Corruption in China "goes right to the top"

The leaders of China's Communist Party are  nothing  but  bunch  of  corrupted  thugs

For years apologists for the Chinese communist government have been spreading the myth that massive corruption in China is only a local problem and that the people at the top are squeaky-clean and unselfish managers of the common good. The Bo Xilai scandal has put an end to that kind of propaganda:


From revelations of massive corruption to the murder of British businessman Neil Heywood by Mr Bo’s wife Gu Kailai, the sordid affair has shown the Chinese people and the world that the rot goes right to the top.
For the last three decades, the party has carefully cultivated the perception that, while there may be corruption and wrongdoing at lower levels, the system is governed by clean and selfless elites who live only to serve the masses.
China’s spectacular rise and its success in lifting hundreds of millions out of abject poverty combined with the intense secrecy surrounding senior officials have convinced many to accept this vision of a just and benevolent emperor calling the shots from Beijing….
When historians look back on the Bo Xilai scandal they will almost certainly identify this as the moment when China’s vicious backroom political battles spilled into the open and the myth of the good emperor was shattered.
Far from revealing authoritarian China’s meritocracy and ability to self-correct, the Bo Xilai saga underscores how its leaders believe they are above the law and how little accountability there actually is.

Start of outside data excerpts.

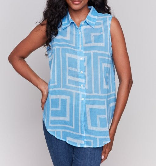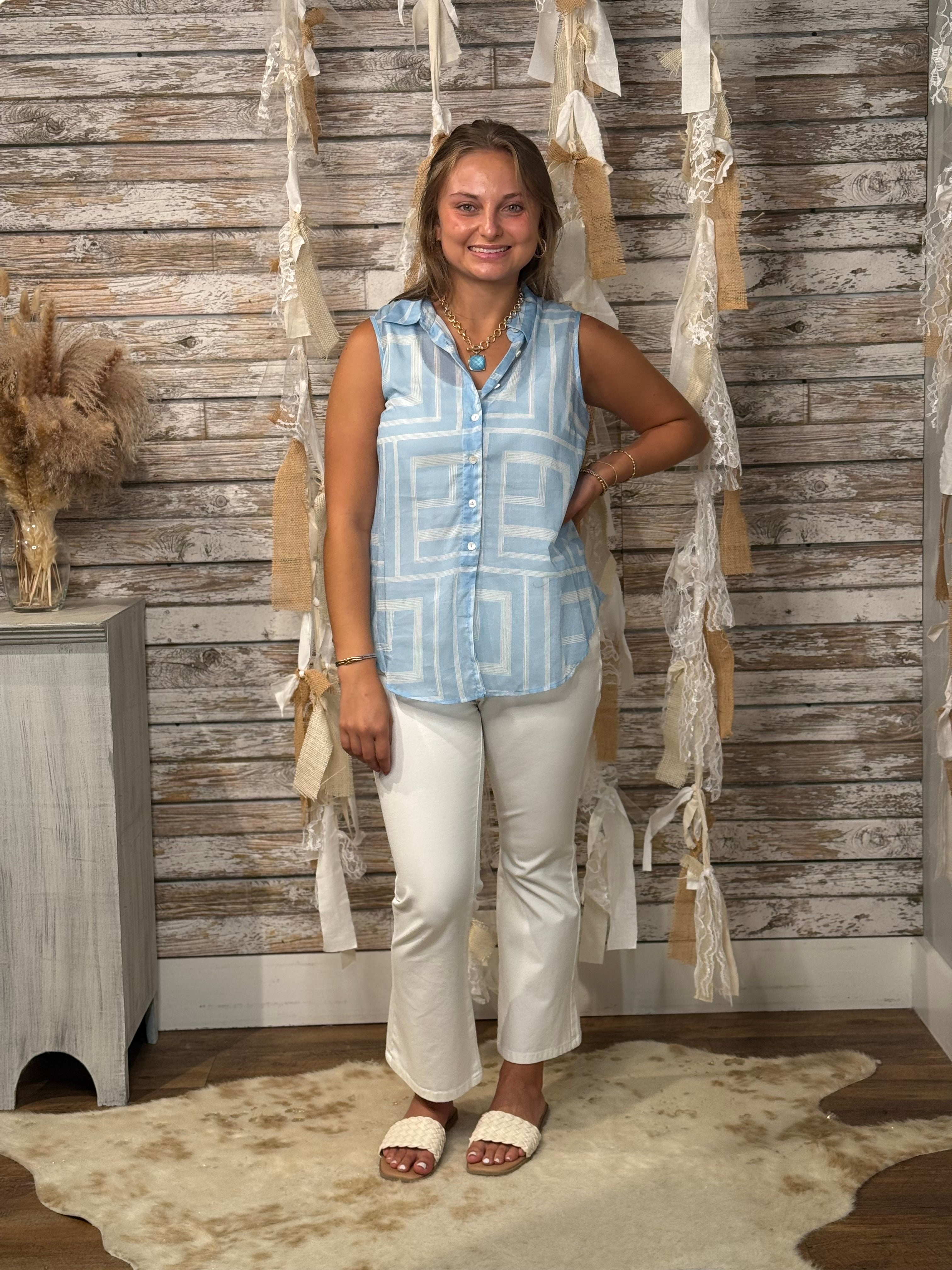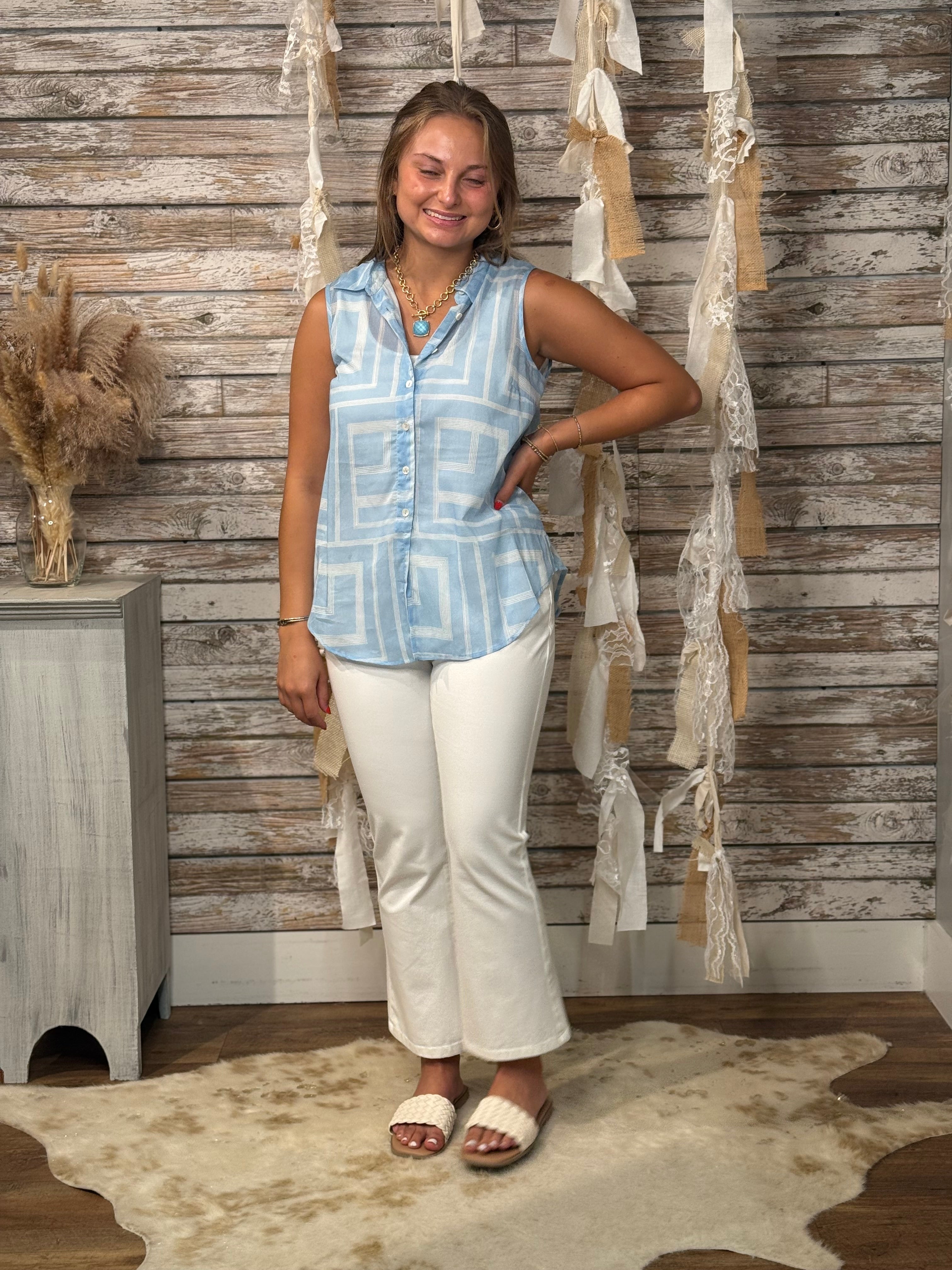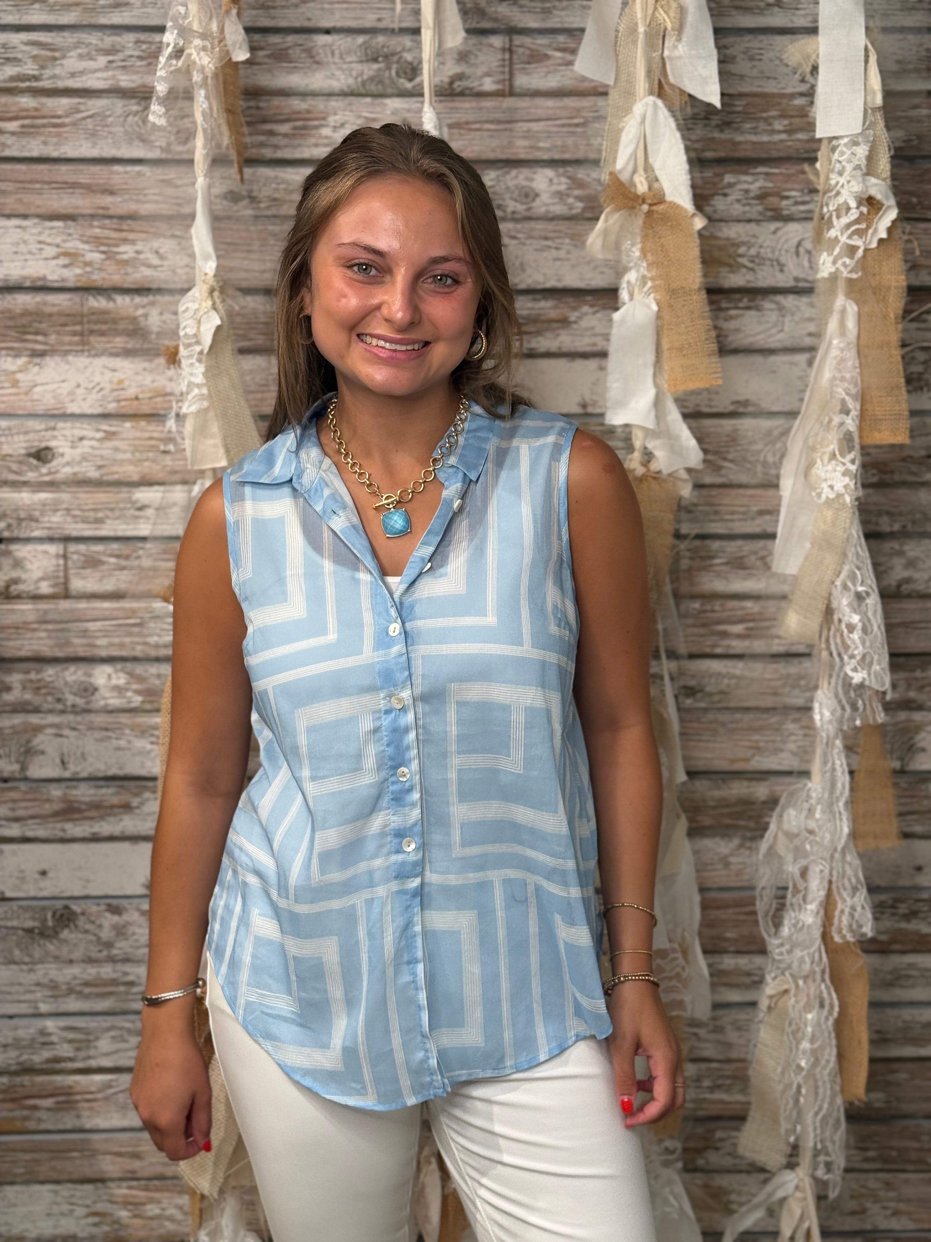 Cool, crisp, and effortlessly modern—the Ocean Maze Sleeveless Top features a geometric grid print in vibrant sky blue, perfect for brightening any look. With a button-down front, classic collar, and relaxed silhouette, this lightweight top keeps things breezy and polished whether you're heading to brunch or out for a seaside stroll.
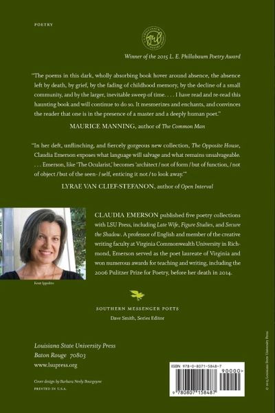 Claudia Emerson has published five poetry collections with LSU Press, including Late Wife, Figure Studies, and Secure the Shadow. A professor of English and member of the creative writing faculty at Virginia Commonwealth University in Richmond, Emerson has served as the poet laureate of Virginia and won numerous awards for teaching and writing, including the 2006 Pulitzer Prize for Poetry.
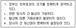 76. 코즈(R. Coase)정리가 성립하기 위한 조건으로 옳지 않은 것을 모두 고른 것은?
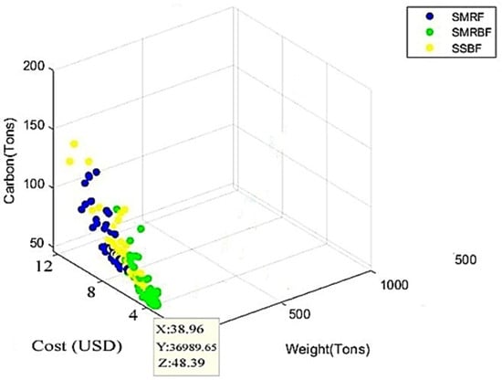 In Figure 22, carbon, cost, and weight functions are selected to draw the Pareto front. The vertical axis shows the amount of carbon dioxide emitted. In terms of reducing carbon production, the effect of an intermediate steel moment-resisting frame with a specially concentrically braced frame is quite evident. On the other hand, one of the horizontal axes (x) indicates the weight of structural members. Considering the importance of weight loss in terms of seismicity, weight loss is definitely evaluated as a positive component. The other horizontal axis (Y) represents the cost of construction, and the intermediate steel moment-resisting frame with a special concentrically braced frame (in green color) has the lowest cost of construction.
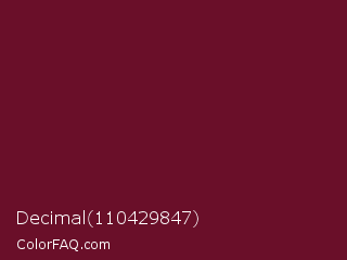 Decimal 110429847 Color is a dark rose color and the nearest color is Black Rose #67032d. Hex code #6a0f29 and RGB value is rgb(106,15,41). In RGB color space, this color is composed of 42% red, 6% green, 16% blue, In CMYK color space, this color is composed of 0% cyan, 86% magenta, 61% yellow , 58% black , In HSL color space, this color has a hue angle of 343° , 75% saturation and 24% lightness.
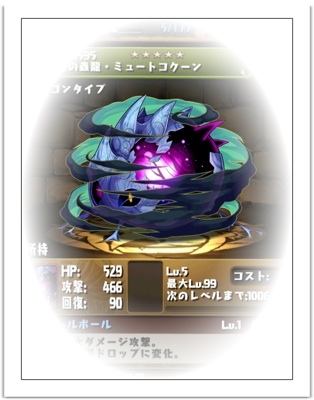 ミュートコクーンを進化させる場合、特定のドラゴン5体が必要というのがなかなかのネックでした。
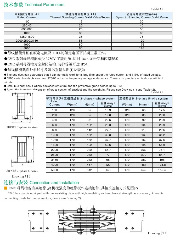 CMC系列密集絕緣母線槽適用于交流三相四線、三相五線制,頻率 50~60Hz,額定電流在 400~3200A 的供配電系統(tǒng),作為工礦、企事業(yè)和高層建筑中供配電系統(tǒng)輸出電能之用,特別適合于車(chē)間、老企業(yè)的改造。
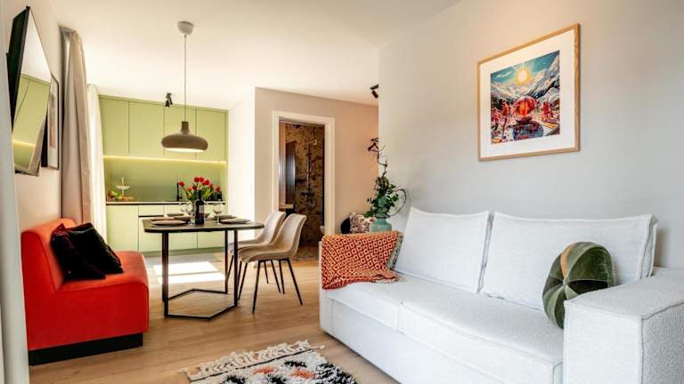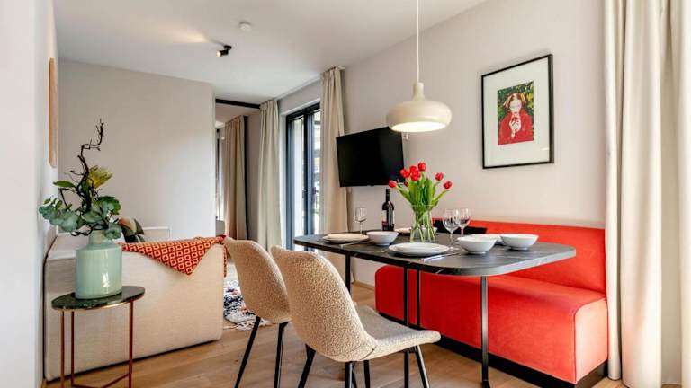 Die Ferienwohnung beinhaltet 1 Schlafzimmer, eine Küche mit Kühlschrank und Mikrowelle, einen TV und einen Sitzbereich. Das Badezimmer ist mit einer Dusche ausgestattet. Handtücher und Bettwäsche werden bereitgestellt.
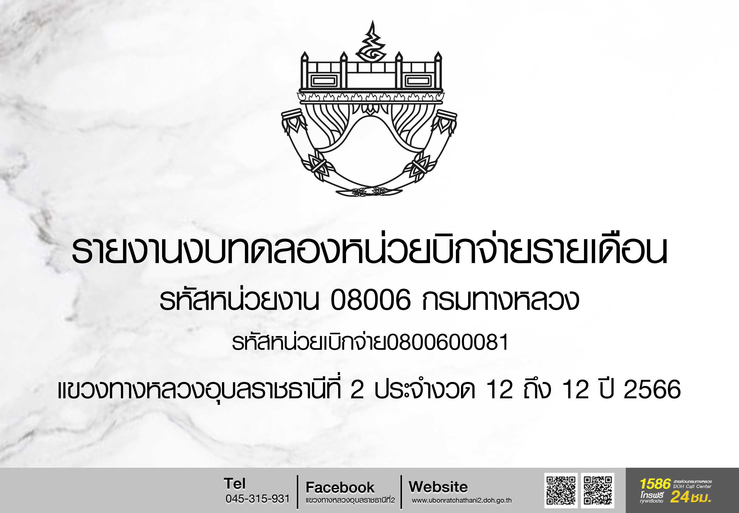 รายงานงบทดลองหน่วยบิกจ่ายรายเดือน รหัสหน่วยงาน 08006 กรมทางหลวง รหัสหน่วยเบิกจ่าย 0800600081 ขท อบ 2 ประจำงวด 1 ถึง 1 ปี 25667
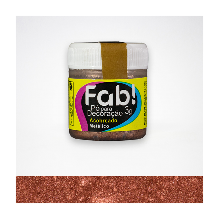 O pó para decoração acobreado faz parte da linha de metálicos da Fab! bastante utilizado para decoração de jóias comestíveis, pois sua cor faz parecer realista a ouro e jóias antigas. Pode ser aplicado a seco em camadas e superfícies finas, com auxílio de um pincel de cerdas macias. Também pode ser diluído na Solução Alcoólica Neutra da Fab! (desenvolvida especialmente para esse tipo de uso) e utilizada na bombinha ou aerógrafo. É indicado para decorar superfícies finas como chantilly, chantininho, pasta americana, pasta de açúcar, pasta de flores, pasta de feijão, chocolate, biscoitos, glacê real, macarons. Verifique as cores da linha Metálicos: dourado, dourado antigo, dourado egípcio, dourado rosê, prateado.
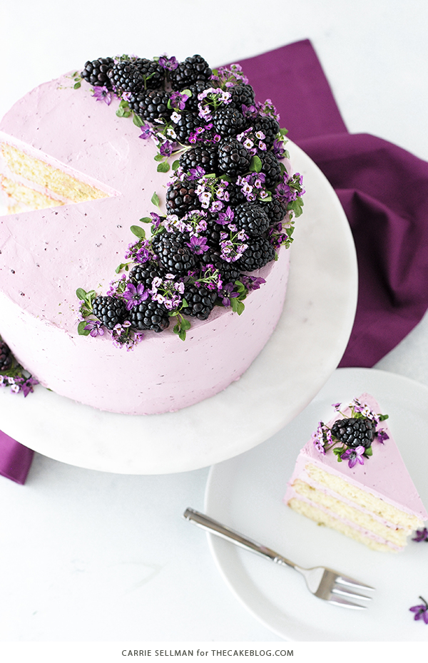 The end result is not overly tart, nor overly sweet, just delicate blackberry that’s mild and easy to eat. If you really want to amp up the blackberry flavor, slice some berries in half and add them between your cake layers, to get that fresh berry punch. The choice to go big or stay mild is up to you. Either way, this one is definitely worth a go.
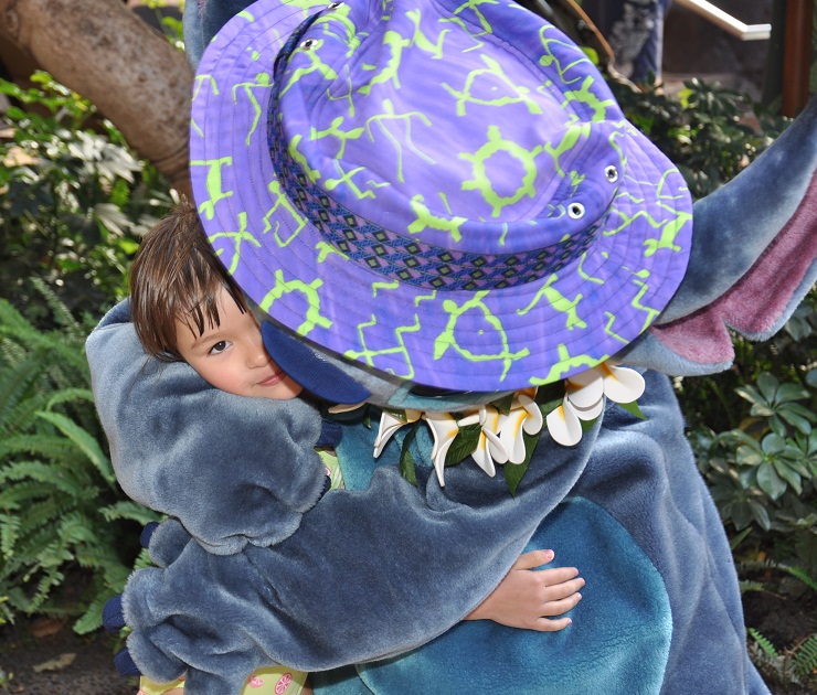 As soon as we walked out to the pool area, we saw Stitch - he was greeting the kids in a Hawaiian shirt. The wait to take pictures with took less than five minutes, which is unheard of at Disneyland.

Read the entire Financial Times article here

The Peking Duck blog has a good point:


There is plenty of corruption to go around in China, and it is not confined to local officials. It’s those at the top whose kids drive Ferraris and who own homes in the US and who funnel large quantities of cash out of China. The Bo Xilai scandal simply makes it more obvious. It pulls the curtain on a topic the CCP wants to keep removed from public discourse and exposes the good/bad argument as total hogwash. The government never wanted the story to gain public attention; as the reporter says, “Chinese, British and US officials say privately that without the involvement of foreign governments Heywood’s murder would probably never have been uncovered and Mr Bo would still be a frontrunner for promotion when the party anoints new leaders at a once-a-decade conclave next month.” So don’t go arguing that the fact that we know so much about the scandal is due to transparency on the part of the powers that be. I agree with the article’s conclusion, that there are plenty of officials at the top who are no different than Bo Xilai when it comes to corruption and amassing illegal fortunes.